September 2, 2018 at 10:40 am #470793As I explain in my lectures, you cannot be asked for calculations involving futures (either for foreign exchange risk or for interest rate risk). All that can be expected is that you can describe basically how they are used.
It is therefore not really relevant in the exam to know whether we are buying or selling futures. For your information, if the transaction itself involves buying (say) $’s, then we buy $ futures and sell later. If the transaction involves selling (say) $’s, then we sell $ futures and buy later.
With interest rate futures, if we are borrowing money then we sell futures (and buy later). If we are depositing money then we buy futures (and sell later).However, again, you are not required to know the detail above for Paper FM (it is in Paper AFM that you will be required to do full calculations and then do need the full detail, and obviously I explain it all in my Paper AFM free lectures).

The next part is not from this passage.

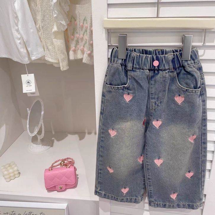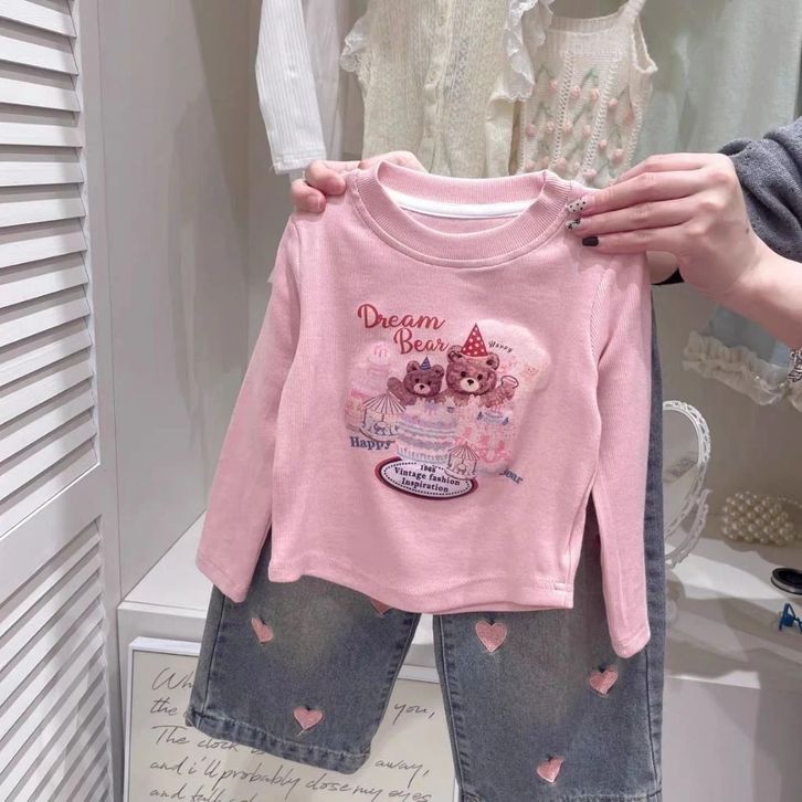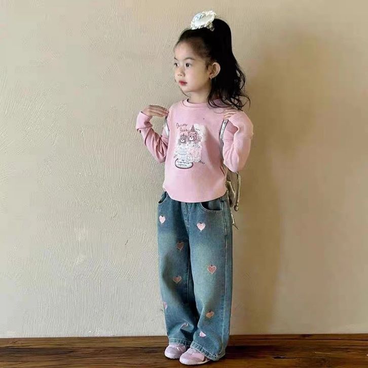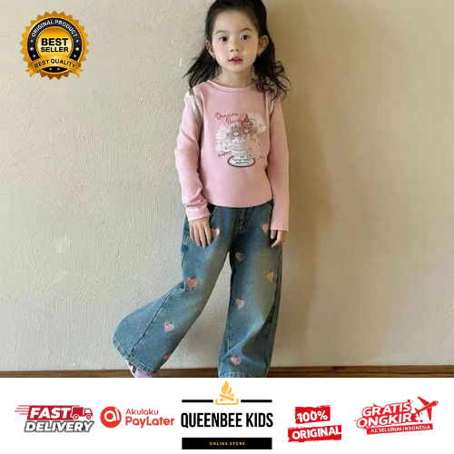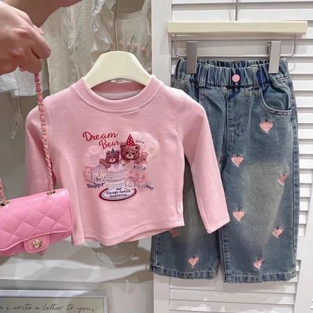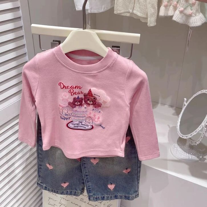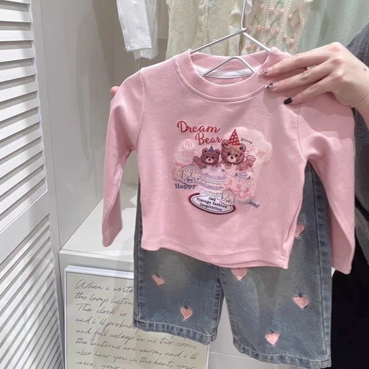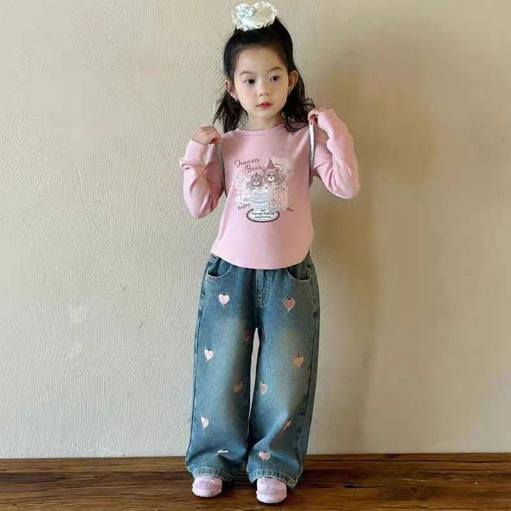 Baju Setelan Pink Lucu Anak Kekinian / Baju Lengan Panjang + Celana Jeans Love Baju Fashion Anak Terbaru

September 2, 2018 at 4:30 pm #470843yes, sir, I know but I wanted to understand the concept since I have seen an mcq in one of the examiner reports asking about buying and selling futures.
sir, I still have a confusion related to futures. the bpp text says:
a) the buyer of a future enters into an obligation to buy on a specified date
b) the seller of a future enters into an obligation to sell on a specified future date.but you have mentioned that buyer buys future now and sells later .however the textbook say buyers buy future at a later date.
Sir for eg I have to pay USD 30,000 in 6 months time and my home currency is GBP. I want to use futures to hedge the risk.
Will I buy futures now and sell at a later date or will I sell futures now and buy at a later date.
for borrowers and lenders, I have understood it after watching your lectures.
Thankyou in advance.
September 2, 2018 at 9:06 pm #470884Sorry, but either what your textbook says is completely wrong, or more likely you have misunderstood.
What you have typed is a description as to how forward rates are used, and they are completely different from using futures.
For your example, if $ futures are available then you will buy $ futures now and sell them on the date of the transaction. If they are GBP futures, then you will sell GBP futures now and buy back on the date of the transaction. Exactly as I said in my previous reply.
If (and only if) you have watched all of my free lectures, then you would be better spending your time practicing all of the questions in your Revision Kit – they are all either past exam questions or exam-standard questions.